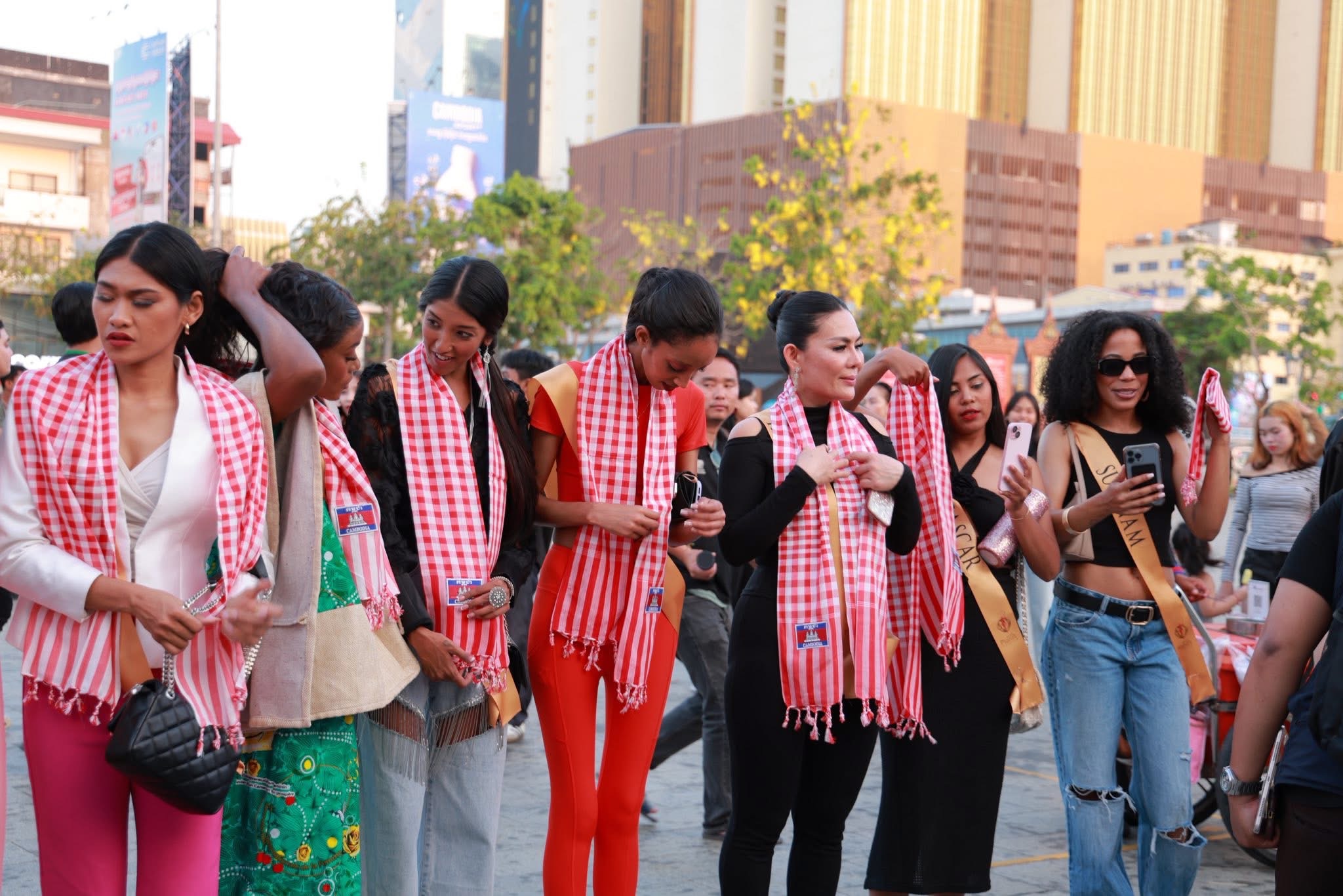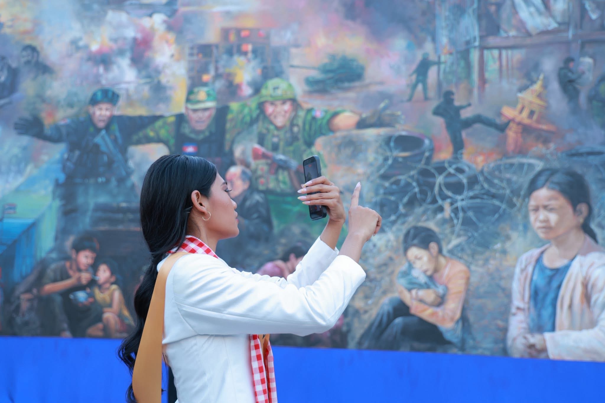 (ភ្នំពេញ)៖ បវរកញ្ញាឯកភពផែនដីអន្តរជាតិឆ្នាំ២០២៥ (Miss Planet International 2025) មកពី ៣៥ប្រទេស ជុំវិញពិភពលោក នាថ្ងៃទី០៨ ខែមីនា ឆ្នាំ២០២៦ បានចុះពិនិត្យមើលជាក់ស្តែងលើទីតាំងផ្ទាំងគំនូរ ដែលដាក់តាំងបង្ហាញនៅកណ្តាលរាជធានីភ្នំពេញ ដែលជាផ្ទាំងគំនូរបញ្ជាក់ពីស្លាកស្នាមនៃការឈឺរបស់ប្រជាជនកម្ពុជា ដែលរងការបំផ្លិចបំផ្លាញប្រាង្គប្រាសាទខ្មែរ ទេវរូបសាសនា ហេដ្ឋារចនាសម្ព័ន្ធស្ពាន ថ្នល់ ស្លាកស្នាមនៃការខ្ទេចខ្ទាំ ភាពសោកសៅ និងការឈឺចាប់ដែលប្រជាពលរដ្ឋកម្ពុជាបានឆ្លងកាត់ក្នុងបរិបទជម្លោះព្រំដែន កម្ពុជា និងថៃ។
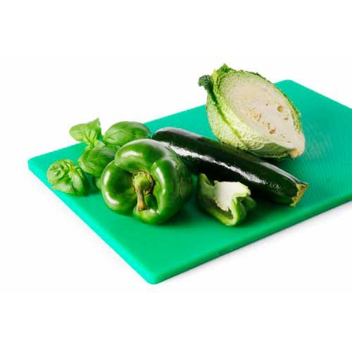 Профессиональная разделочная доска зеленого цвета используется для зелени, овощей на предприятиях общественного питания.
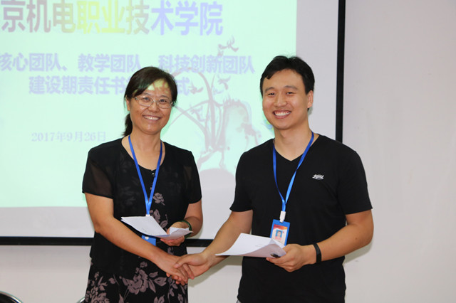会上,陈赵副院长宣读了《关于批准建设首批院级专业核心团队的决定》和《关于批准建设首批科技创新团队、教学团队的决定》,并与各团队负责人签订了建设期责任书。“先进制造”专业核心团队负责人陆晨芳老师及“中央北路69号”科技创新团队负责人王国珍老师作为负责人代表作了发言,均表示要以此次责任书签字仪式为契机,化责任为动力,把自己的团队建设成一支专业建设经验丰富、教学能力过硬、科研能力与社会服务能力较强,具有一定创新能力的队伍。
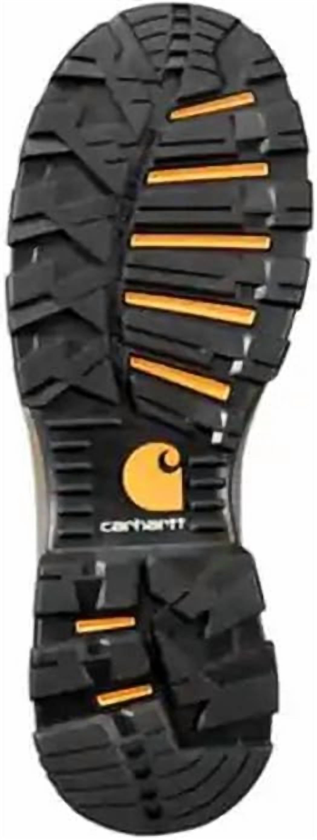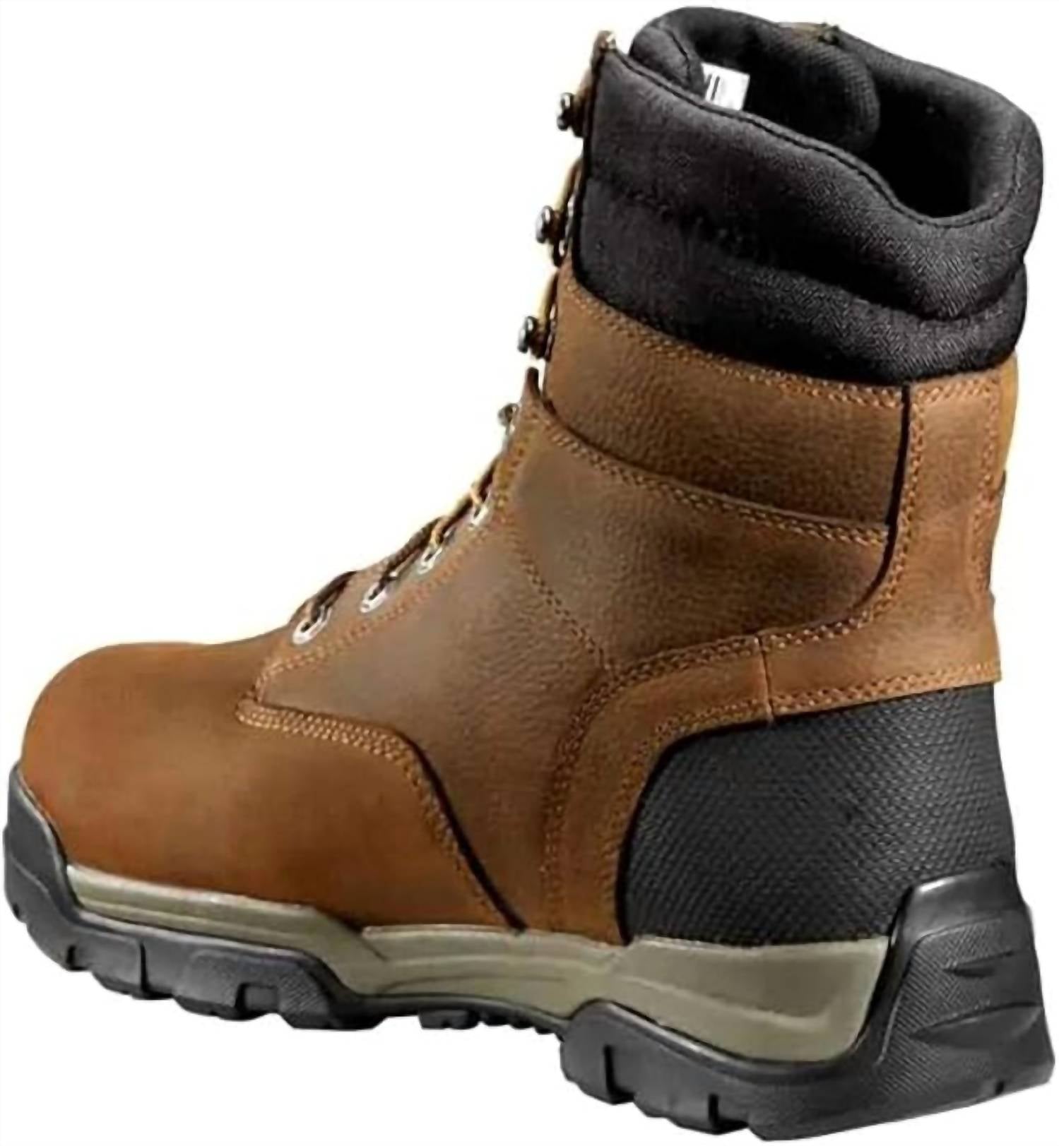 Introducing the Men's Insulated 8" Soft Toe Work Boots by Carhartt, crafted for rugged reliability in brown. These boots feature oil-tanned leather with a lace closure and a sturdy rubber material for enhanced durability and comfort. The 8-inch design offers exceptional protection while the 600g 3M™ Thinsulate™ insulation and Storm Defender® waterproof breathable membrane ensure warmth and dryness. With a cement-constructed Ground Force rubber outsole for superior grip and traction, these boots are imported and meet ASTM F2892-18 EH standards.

- EXERCISE DESCRIPTION
Please copy the lines above exactly as written, apart from any pictures.

- YOUR SOLUTION
 (ភ្នំពេញ)៖ បវរកញ្ញាឯកភពផែនដីអន្តរជាតិឆ្នាំ២០២៥ (Miss Planet International 2025) មកពី ៣៥ប្រទេស ជុំវិញពិភពលោក នាថ្ងៃទី០៨ ខែមីនា ឆ្នាំ២០២៦ បានចុះពិនិត្យមើលជាក់ស្តែងលើទីតាំងផ្ទាំងគំនូរ ដែលដាក់តាំងបង្ហាញនៅកណ្តាលរាជធានីភ្នំពេញ ដែលជាផ្ទាំងគំនូរបញ្ជាក់ពីស្លាកស្នាមនៃការឈឺរបស់ប្រជាជនកម្ពុជា ដែលរងការបំផ្លិចបំផ្លាញប្រាង្គប្រាសាទខ្មែរ ទេវរូបសាសនា ហេដ្ឋារចនាសម្ព័ន្ធស្ពាន ថ្នល់ ស្លាកស្នាមនៃការខ្ទេចខ្ទាំ ភាពសោកសៅ និងការឈឺចាប់ដែលប្រជាពលរដ្ឋកម្ពុជាបានឆ្លងកាត់ក្នុងបរិបទជម្លោះព្រំដែន កម្ពុជា និងថៃ។
 Профессиональная разделочная доска зеленого цвета используется для зелени, овощей на предприятиях общественного питания.
会上,陈赵副院长宣读了《关于批准建设首批院级专业核心团队的决定》和《关于批准建设首批科技创新团队、教学团队的决定》,并与各团队负责人签订了建设期责任书。“先进制造”专业核心团队负责人陆晨芳老师及“中央北路69号”科技创新团队负责人王国珍老师作为负责人代表作了发言,均表示要以此次责任书签字仪式为契机,化责任为动力,把自己的团队建设成一支专业建设经验丰富、教学能力过硬、科研能力与社会服务能力较强,具有一定创新能力的队伍。
 Introducing the Men's Insulated 8" Soft Toe Work Boots by Carhartt, crafted for rugged reliability in brown. These boots feature oil-tanned leather with a lace closure and a sturdy rubber material for enhanced durability and comfort. The 8-inch design offers exceptional protection while the 600g 3M™ Thinsulate™ insulation and Storm Defender® waterproof breathable membrane ensure warmth and dryness. With a cement-constructed Ground Force rubber outsole for superior grip and traction, these boots are imported and meet ASTM F2892-18 EH standards.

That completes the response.